Outside the house stood a huge old oak tree, and I wondered if it would provide an intruder enough cover from the nosy neighbors. Even so, anyone who wanted to get in would have to get past the heavy door, which Tony told me had been locked, bolted, and chained. There was no porch, just the dark, paneled door set in the sandy stonework. The key let me into a small hallway, and a second door led into the living room. The police had taken the carpet, leaving the polished wood floor bare.

Three of Tony’s photographs hung on the wall. They were very good, as far as I could tell. I’d expected modernistic effects and cut-up contact sheets, but two of the three were landscapes. One looked like a Beach sunset, showing the Leuty lifeguard station in effective, high-contrast black-and-white, and the other was a view of a rocky coastline, probably in Nova Scotia, where the cliff edges cut the land from the sea like a deformed spine. Again, Tony had used high contrast.

The third was a portrait signed by Valerie, along with what I took to be her lip prints, dated two years ago. She was posing against a wall, just head and shoulders, but there was such sensuality about her Bardot-like pout and the way her raven’s-wing hair spilled over her bare, white shoulders. There was something about the angle of her head that seemed to challenge and invite at the same time, and the look in her dark eyes was intelligent, humorous, and questioning. For the first time in the case, I had a real sense of the victim, and I felt the tragedy and waste of her death.

Upstairs, I rummaged through her bedside drawers and checked out the walk-in closet, but found nothing I didn’t expect to. I assumed the police had already been through the place before me and taken anything they thought might be related to the crime. On the other hand, if they believed they had caught the criminal and had enough evidence against him, then they wouldn’t go to the expense of an all-out, lengthy crime-scene investigation. Not exactly CSI; they’d leave their lasers and Luminol at home. Valerie’s clothes were high-quality designer brands, her underwear black and silky. I felt like a voyeur, so I went back downstairs.

Next I moved into the kitchen, where the parcel of books still lay on the table, brown paper and string loose around it. The books, first editions of early Mavis Gallant and Alice Munro, were from an antiquarian dealer in Halifax, I noticed, and the string was a quaint, old-fashioned touch. The only thing missing was the knife itself, which the police had taken as evidence.

The door opened onto a back stoop, and my intrusion scared off a flock of red-throated house finches from the bird feeder. Judging by the untidy lawn surrounded by its flagstone path, neither Tony nor Valerie had been very interested in gardening. At the far end, the lawn petered off into bracken and roots where the ravine threatened to encroach, and finally the land dropped away. I walked to the end of the garden and noticed that the ravine was neither too steep nor too overgrown to be inaccessible. There was even a path, narrow and overgrown, but a path nonetheless.

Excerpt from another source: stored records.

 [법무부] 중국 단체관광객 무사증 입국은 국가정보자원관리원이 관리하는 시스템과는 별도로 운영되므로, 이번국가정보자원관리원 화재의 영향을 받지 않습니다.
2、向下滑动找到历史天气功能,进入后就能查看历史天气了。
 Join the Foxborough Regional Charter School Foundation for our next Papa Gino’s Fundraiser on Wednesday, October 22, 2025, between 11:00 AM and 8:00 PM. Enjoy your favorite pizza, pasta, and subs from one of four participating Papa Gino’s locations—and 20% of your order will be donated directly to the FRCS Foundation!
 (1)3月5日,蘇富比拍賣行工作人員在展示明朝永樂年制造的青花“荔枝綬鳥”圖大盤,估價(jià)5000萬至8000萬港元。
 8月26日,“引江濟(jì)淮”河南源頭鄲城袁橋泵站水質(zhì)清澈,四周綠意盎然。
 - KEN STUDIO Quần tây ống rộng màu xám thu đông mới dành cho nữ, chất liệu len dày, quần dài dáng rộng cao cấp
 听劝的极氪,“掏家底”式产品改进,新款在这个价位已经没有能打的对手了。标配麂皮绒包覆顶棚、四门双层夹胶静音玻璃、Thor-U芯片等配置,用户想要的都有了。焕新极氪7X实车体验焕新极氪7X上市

You certainly wouldn’t have had to be a mountain lion to gain easy access from the back.

The ground had been hard and dry at the time of the murder, I remembered, and we’d had a couple of heavy storms in the last week, so there was no point in getting down on my hands and knees with a magnifying glass, even if I had one. I stood at the end of the lawn for a while enjoying the smell of the trees and wild flowers, listening to the cardinal’s repetitive whistling and the chip-chip sounds of warblers, then I went back inside.

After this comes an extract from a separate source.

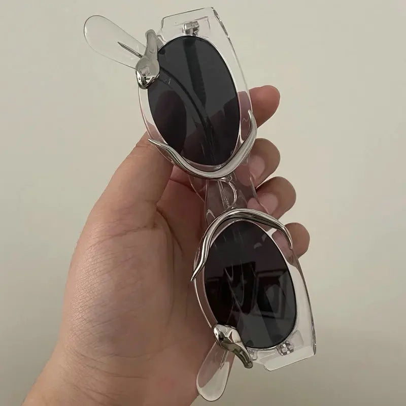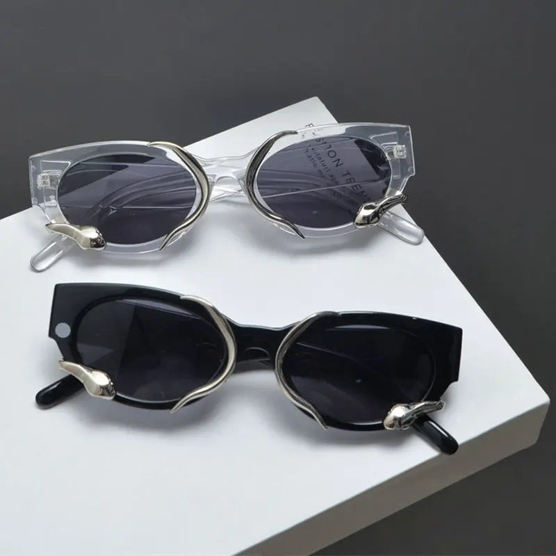 Experience elegance in a new light with our Eclipsed Elegance Oval Sunglasses. These unique sunglasses feature an oval frame shape and fashionable applique decorations, adding a touch of sophistication to any outfit. Make a statement and elevate your style with our Eclipsed Elegance sunglasses!

Fine. Now I knew that it was possible for someone to get up and down the ravine easily enough. But how about getting into the house? I sat at the kitchen table toying with the string. I could think of no way of getting through a locked screen door without leaving a trace, unless it were either open in the first place, or somebody had opened it for me. Valerie might have opened it to someone she knew, someone she felt she had no reason to fear. If she were distracted by her anger at Tony, her surprise at seeing a friend appear at the back door would surely have overruled any caution or suspicion she might otherwise have felt. On the other hand, if the door was locked when the police arrived, that was a problem.

As I sat twirling the string around my fingers and idly glancing at the two first editions in their nest of brown paper, I became aware of a niggling discrepancy. It was unconscious at first, nothing I could put my finger on, but as it turned out, it was on my finger. I unraveled the string and tried to fasten it around the books. It didn’t fit. Much too short. I looked around on the floor but saw no more, and I could think of no reason why either Tony or the police would secrete a length of string.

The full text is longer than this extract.